=== YOUR OBJECTIVE ===
In your copy of the records, include every word exactly and no pictures.
________________
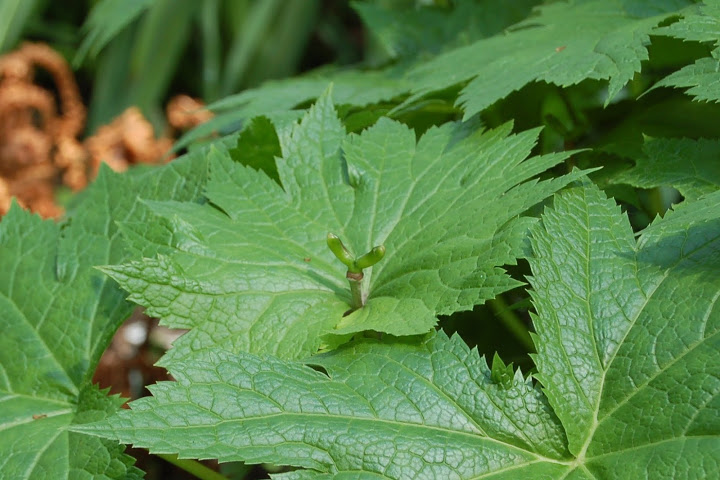 Liście glaucidium są jasnozielone i chropowate. W kształcie dłoniaste, z pięcioma 'wydzielonymi palcami' , klapowane i wyraźnie ząbkowane a - szczególnie na spodzie - widzimy ich unerwienie.
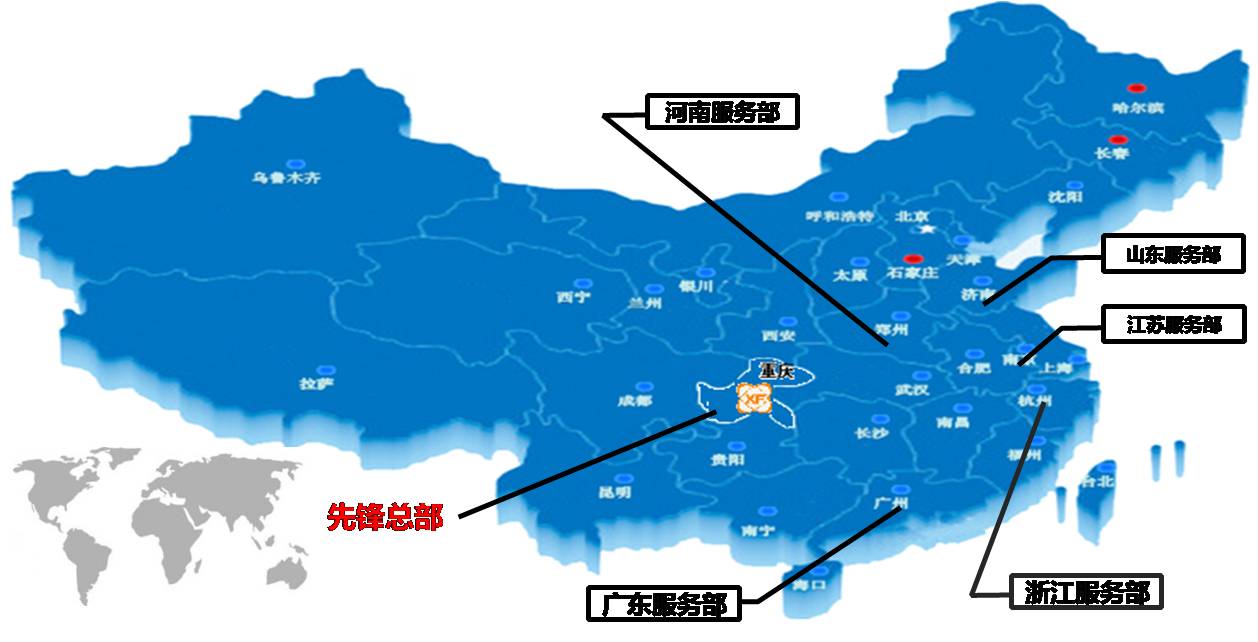 公司總部設立在山城重慶,另在山東、江蘇、河南、廣東、浙江設有五個駐外服務部,能夠快速了解市場信息、迅速反應。
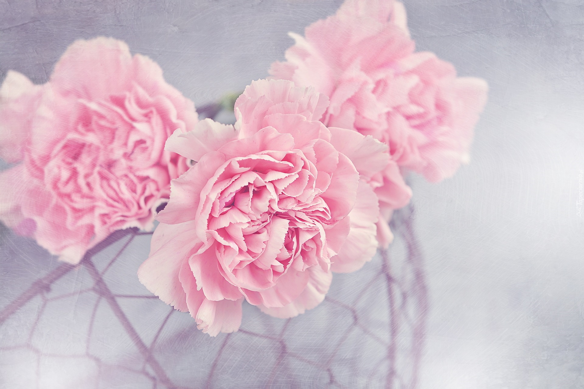 Edytor tapety: Trzy różowe goździki
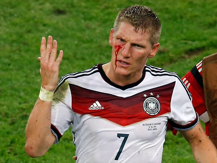Бастиан Швайнштайгер привел команду к победе на чемпионате мира с не совсем целым лицом.
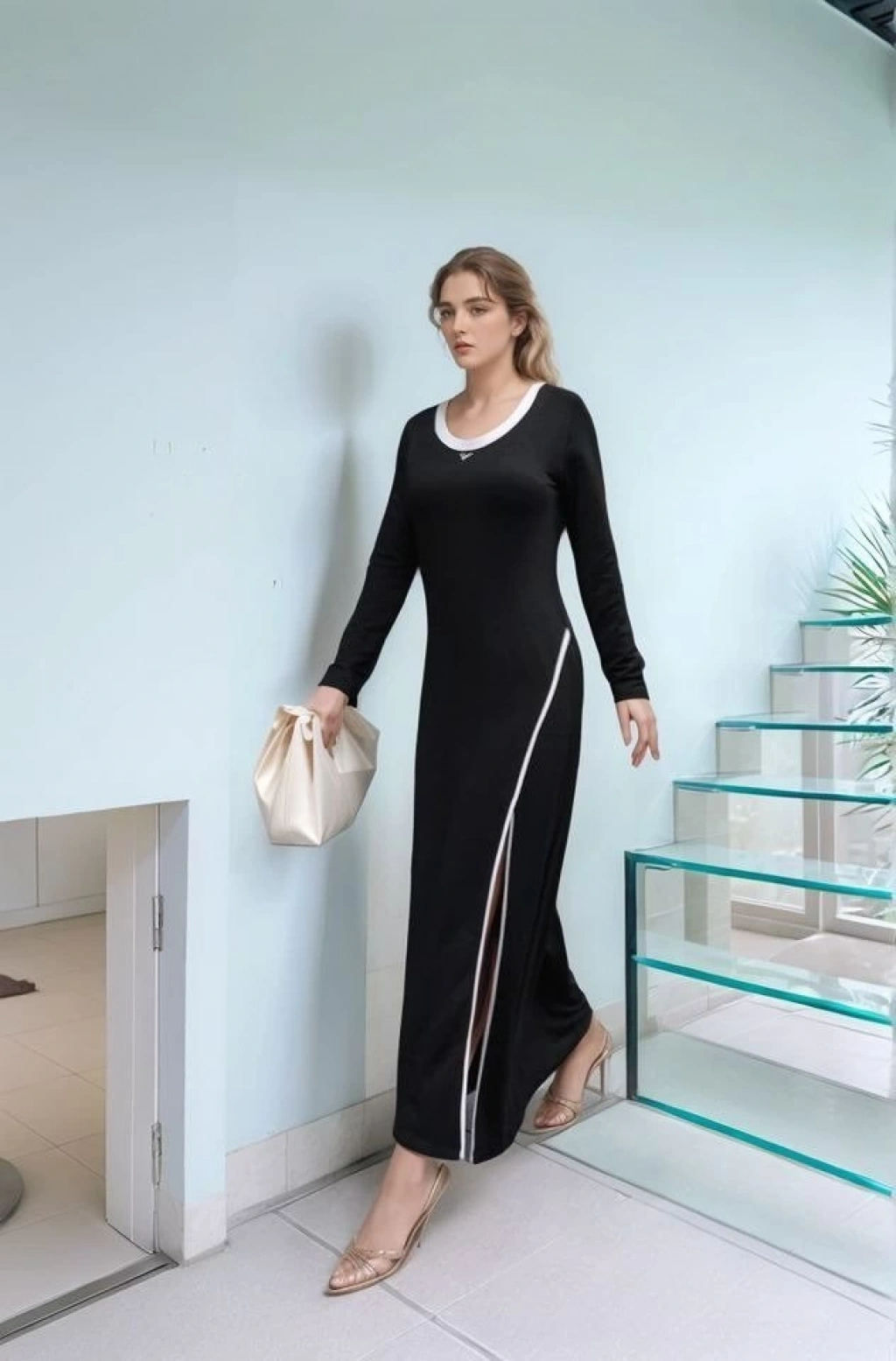 Kadın Uzun Kollu Yuvarlak Ribana Yaka Yırtmaçlı Uzun Viskon Iki Iplik Elbise
________________
=== TASK ANSWER ===
 Liście glaucidium są jasnozielone i chropowate. W kształcie dłoniaste, z pięcioma 'wydzielonymi palcami' , klapowane i wyraźnie ząbkowane a - szczególnie na spodzie - widzimy ich unerwienie.
 公司總部設立在山城重慶,另在山東、江蘇、河南、廣東、浙江設有五個駐外服務部,能夠快速了解市場信息、迅速反應。
 Edytor tapety: Trzy różowe goździki
Бастиан Швайнштайгер привел команду к победе на чемпионате мира с не совсем целым лицом.
 Kadın Uzun Kollu Yuvarlak Ribana Yaka Yırtmaçlı Uzun Viskon Iki Iplik Elbise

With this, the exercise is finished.